Some of those ideas stuck around though. All the chocolates are priced by weight, and all the same so people can come in, make their own bag with an assortment of chocolates and candies and pay one price. They can also do that online too, something unheard of in the business. (There are also pre-sorted boxes perfect for gifts.)
Paul points out a photo behind a candy station — it was a photo of his grandfather’s store in Amsterdam. Not only was his grandfather in the candy business, but so was his father, making Paul the third generation to be in the business.

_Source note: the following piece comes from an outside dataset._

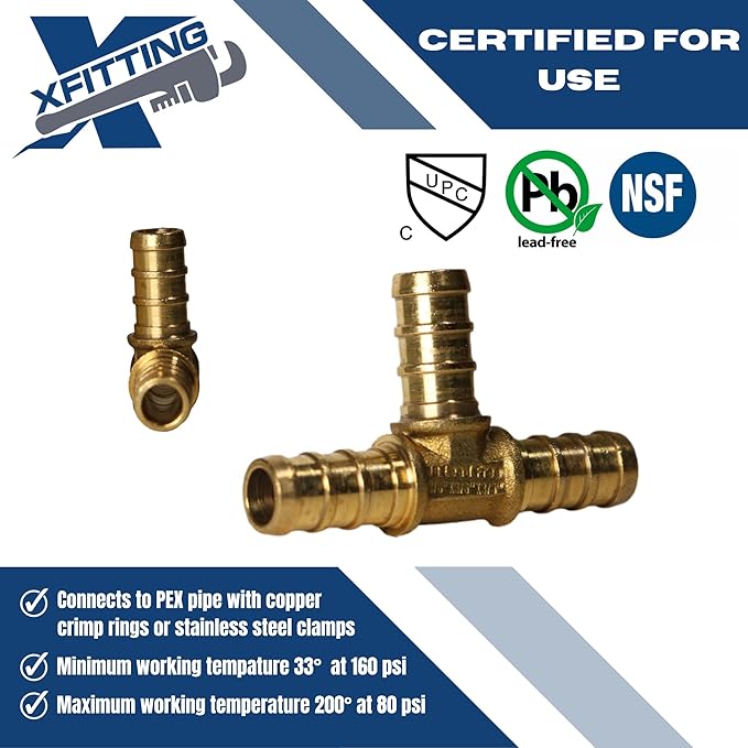 10 Pieces XFITTING 3/8" x 3/8" x 3/8" Pex Tee, Pex B Crimp Version 25-5-7=10X (10 Packs)

The building itself has history, the couple says. Kristin told City Pages about a 100-year-old woman who said she used to go to the church across the street on Sundays, and afterward get her hair done. The 120-year-old building had been a hair salon, a grocery store, a meat market and even a wallpaper store. It was last an antique before becoming the chocolate shop it is today.
The retail side is booming, but so is the wholesale. A set of corporate orders rests nearby us during the interview, and plenty of other stores sell their product: Evolutions in Design, Wisconsin Rapids Floral, Vino Latte and even Sawmill Trampoline Park.

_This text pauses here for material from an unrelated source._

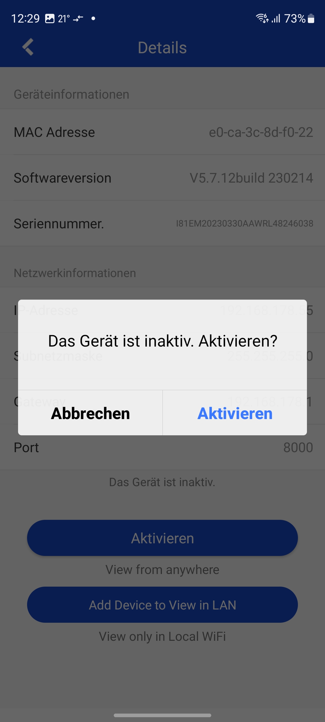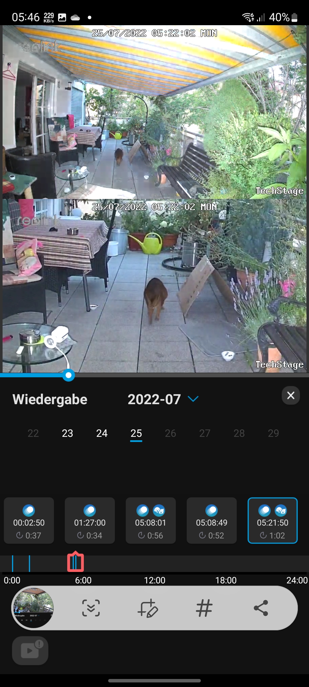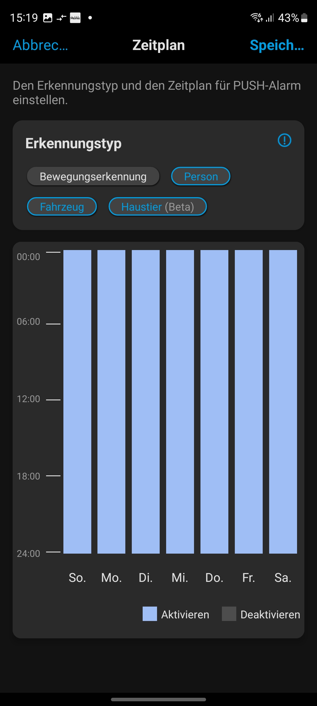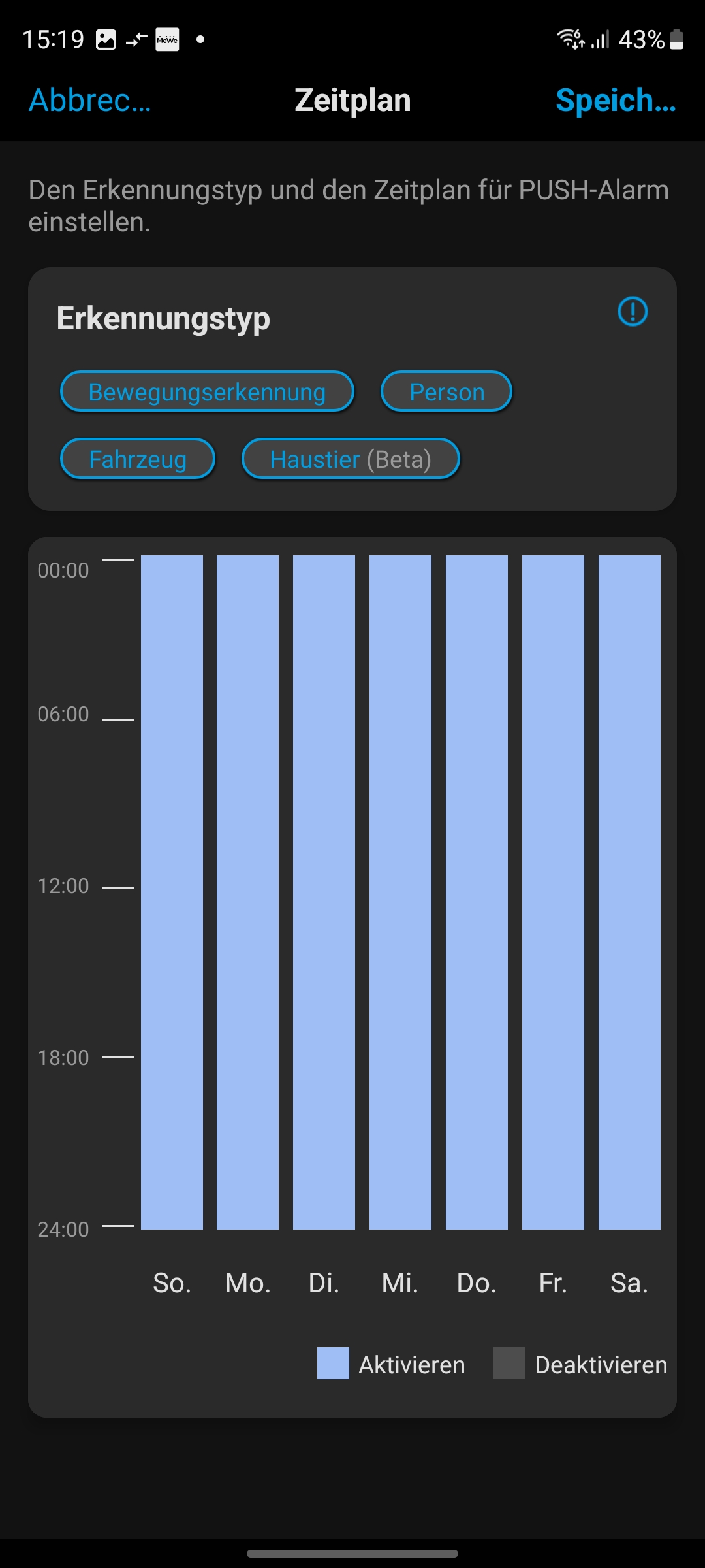 Der Livestream steht in der App oder Browser zügig parat, wenn die Kamera per Ethernet mit dem Router verbunden ist. Über WLAN muss man unter Android einige Sekunden warten, während die iOS-App ihn etwas zügiger anzeigt. Fehlalarme sind dank Personen-, Fahrzeug- und Tiererkennung praktisch ausgeschlossen. Im Test haben wir jedenfalls keine registriert.

The formula for success seems to lie in a pretty basic premise: a quality product at a good price. A box of “cookies” (think like a Whopper but 10 times better) costs $8.95 for a box of 75. $14.95 worth of chocolate gets you more than a pound.
“We’ve never been focused on doing things on the cheap; we focused on having a quality product at a normal price,” Paul Zaal says. “Chocolate doesn’t have to be expensive.”
That’s been a winning formula for the couple so far, as their online business grows at a rate competitive with their retail establishment. Wausonians seem to simply love it.